Great news - they all got the same PubChemIDs. We will harmonize the names in a separate csv.

In [48]:
hash_collisions_resolved = pd.read_csv("iupac_hash_collisions_resolved.csv", index_col=0)
mapping_dict = {}
for idx, row in hash_collisions_resolved.iterrows():
    for drug_name in row:
        if not pd.isna(drug_name):
            mapping_dict[drug_name] = idx

Next, we will resolve the multi-ID cases. We will create a csv with the resolved names by always taking the first PubChem ID.

In [50]:
multi_mapping_resolved = pd.DataFrame(columns=["pubchem_id", "drug_name"])
for drug in multiple_drug_names:
    cpd = pcp.get_compounds(drug, namespace="name")[0]
    multi_mapping_resolved = pd.concat([multi_mapping_resolved, pd.DataFrame.from_dict({
        "pubchem_id": [cpd.cid],
        "drug_name": [drug]
    })])
    result_df = pd.concat([result_df, pd.DataFrame.from_dict({
            "drug_name": [drug],
            "pubchem_id": [cpd.cid],
            "iupac_name": [cpd.iupac_name],
            "canonical_smiles": [cpd.canonical_smiles],
            "cactvs_fingerprint": [cpd.cactvs_fingerprint],
            "fingerprint": [cpd.fingerprint]
        })
        ])

In [52]:
multi_mapping_resolved[multi_mapping_resolved.duplicated(subset="pubchem_id")]

Unnamed: 0,pubchem_id,drug_name
0,6918289,temsirolimus
0,135398738,Dacarbazine
0,216345,nutlin-3
0,7251185,parthenolide
0,73707371,PRL-3 inhibitor I


In [53]:
mapping_dict.update({
    "Nutlin-3": "Nutlin-3",
    "nutlin-3": "Nutlin-3",
    "Temsirolimus": "Temsirolimus",
    "temsirolimus": "Temsirolimus",
    "Parthenolide": "Parthenolide",
    "parthenolide": "Parthenolide",
    "PRL-3 Inhibitor I": "PRL-3 Inhibitor I",
    "PRL-3 inhibitor I": "PRL-3 Inhibitor I",
    "Dacarbazine": "Dacarbazine",
    "dacarbazine": "Dacarbazine"
})

In [54]:
multi_mapping_resolved.to_csv("multi_mapping_resolved.csv", index=False)

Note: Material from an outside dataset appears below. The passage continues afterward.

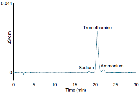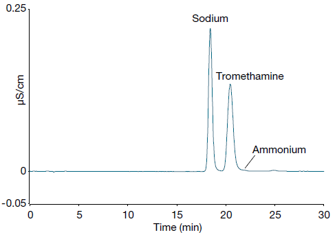 To demonstrate the benefits of this new assay, we highlight the effective separation of tromethamine. Using the Dionex IonPac CS20 column under isocratic elution, good separation of tromethamine from the nearest cations (sodium and ammonium) was achieved in just 30 minutes (Figure 1).

Next issue: unmappable drug names. Let's see how many of them we found so far.

In [63]:
subsetted_drug_names = all_drug_names[all_drug_names["drug_name"].isin(no_drug_names)]
subsetted_drug_names = subsetted_drug_names.sort_values(by="drug_name")

In [64]:
subsetted_drug_names.to_csv("no_drug_names_resolved.csv", index=False)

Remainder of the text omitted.